The spring roll appetizers were exceptionally fresh and "green" tasting filled with a great balance of mango and bitter greens and a sweetplum/vinegary dipping sauce with just enough of a fiery edge to make things interesting. Other raves at the table were the "Lively Greens" salad, and the roasted beet and orange salad. One quibble -- the Caesar salad, while supremely satisfying and flavorful, was presented as a standing up "bouquet" of sorts -- whole romaine leaves stood on end and wrapped in a cucumber strip, secured with a skewer -- visually stunning but a little unwieldy to deconstruct and actually consume.

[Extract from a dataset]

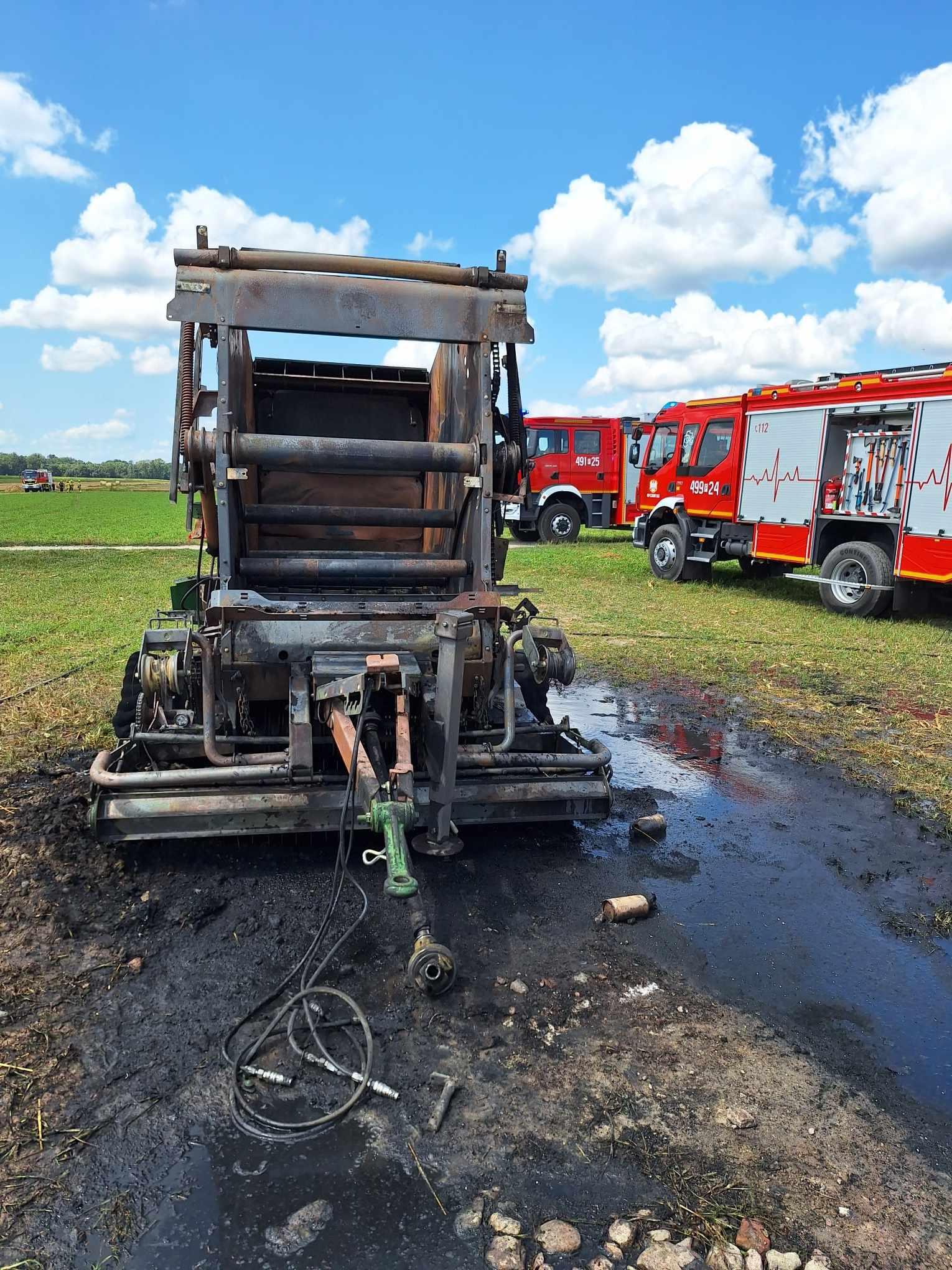 Podczas rozpoznania ustalono, że pali się prasa rolnicza. Operator maszyny w celu zminimalizowania strat odczepił ciągnik od prasy, aby ograniczyć rozprzestrzenienie się ognia .

My entree was the Chilean sea bass -- a toothsome filet perched on top of a bed of luscious wasabi mashed potatoes and a sprinking of stir fried savoy cabbage. Puddled around the plate was a thin sauce that I'm guessing (should have asked -- D'oh!!)was tamarind/sesame based and a sprinkling of toasted pine nuts. It was a perfect balance of soft, silky, crispy, crunchy textures and buttery, tangy, sweet, sharp flavors in a portion size that was just right. Other hits around the table were the sirloin topped with a vidalia onion chutney of sorts and a wasabi cream sauce (yes, they like their wasabi here, but they use it well!)

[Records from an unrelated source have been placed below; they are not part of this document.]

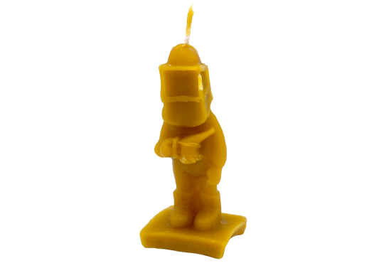 Cette bougie en cire d’abeille naturelle, prends la forme d’un apiculteur.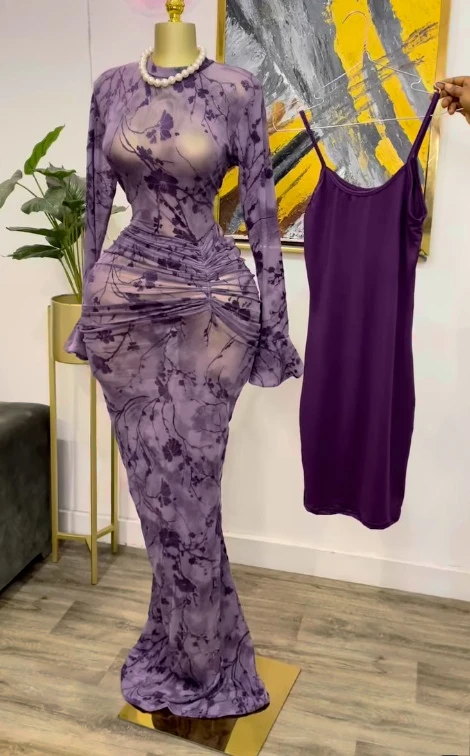 CM.YAYA Women Long Sleeve Stacked Mesh See Though with
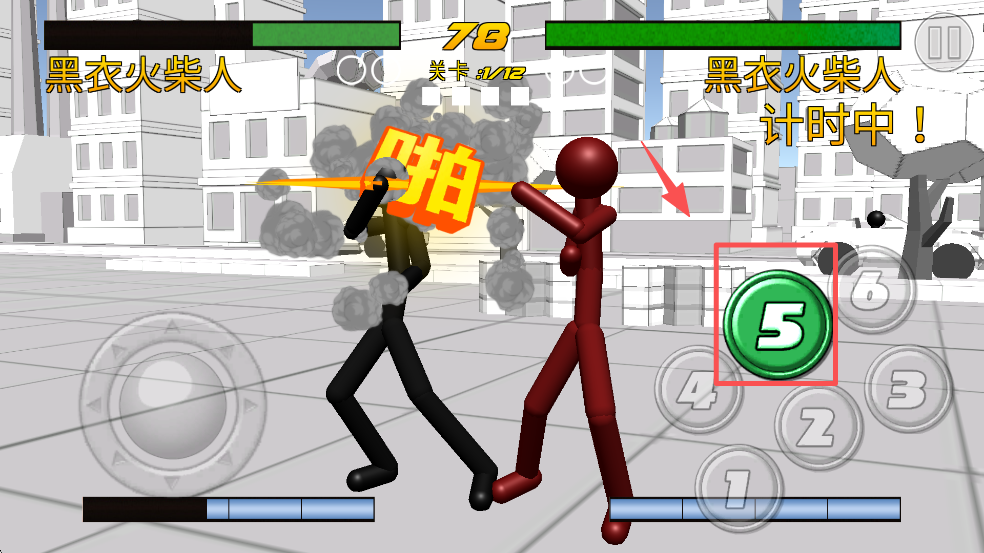 3、在战斗中,使用虚拟摇杆控制角色移动,点击屏幕上的数字按钮进行攻击。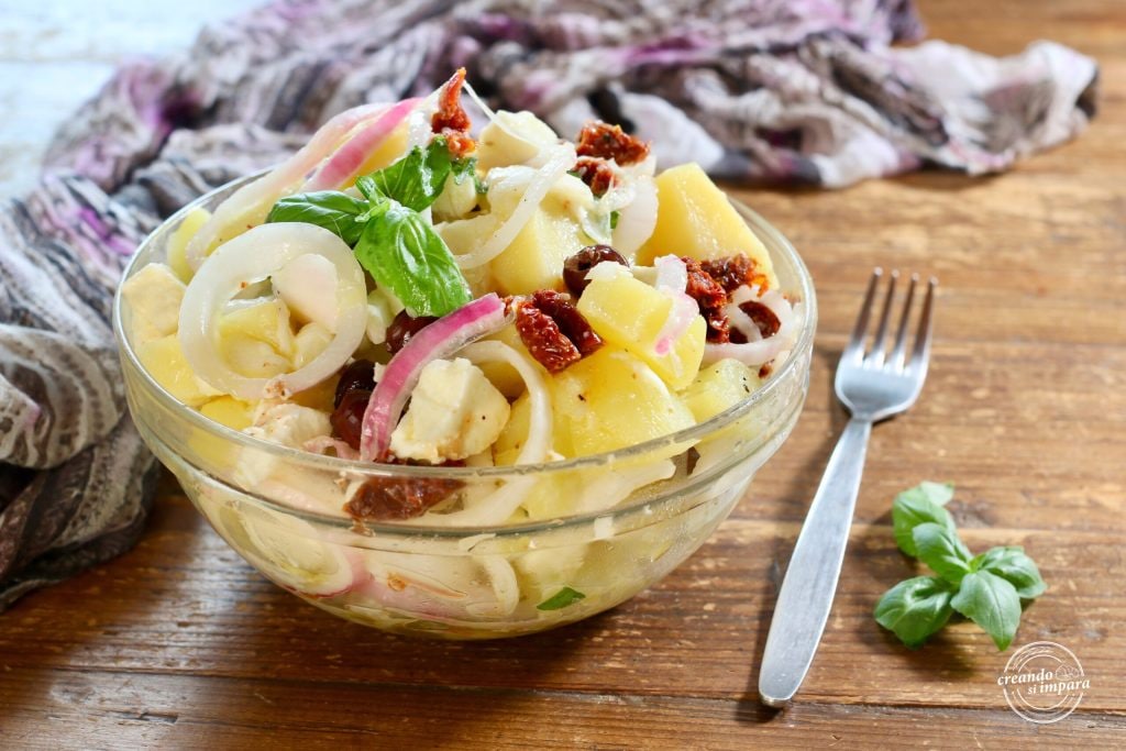 Ein Gericht, das kalt serviert wird, einfach und schmackhaft, ist der kalte Kartoffelsalat ideal, um ihn in der warmen Jahreszeit auf den Tisch zu bringen. Angereichert mit Mozzarella, getrockneten Tomaten und in Essig eingelegten Zwiebeln ist er wirklich nahrhaft und sehr lecker. Wir müssen nur noch an die Arbeit gehen und gemeinsam den kalten Kartoffelsalat zubereiten.

Desserts are straightforward, geared toward tummy comforting yumminess. As I deconstructed the meal for a friend later in the evening, he commented "The miniature sugar cookies on the creme brulee were your favorite, right?" I asked him how he had guessed and he replied "I've never heard anyone actually purr the word 'cookie' before."
A few things I really liked about this place:
1.) Competent, friendly and efficient staff who were appropriately unobtrusive.
2.) We did not know that they only had a seasonal liquor licence and therefore had not BYOB'd, but our waiter scored us each a glass of wine from some stash out back -- on the house. Wasn't great wine, but was a really nice touch.
3.) While the food is complex and artful, I did not once feel as though any one in the kitchen was shouting "Hey look at me!!"
4.) Portion sizes were just right. There was not a single plate on our table that had not been completely licked clean, but we all walked out of their feeling very well fed without having tipped over into thatterritory of "I think I'm gonna die!"
5.) The room is well organized, plenty of space between tables and a very comfortable noise level.
I was really prepared to be cynical about this place, figuring it to be a pretentious "boite" with aspirations to a degree of hipness I do not happen to fully apreciate, but I've gotta say that they have really done it right here. Other diners ranged from a table full of banker types to couples and four tops of completely normal casual folks who clearly love good food. No showing off here, just a quiet confidence borne of a well designed menu, perfectly executed technique, helpful and non-invasive service and a warm ambience that draws it all together.
So please try it and let me know what you think!!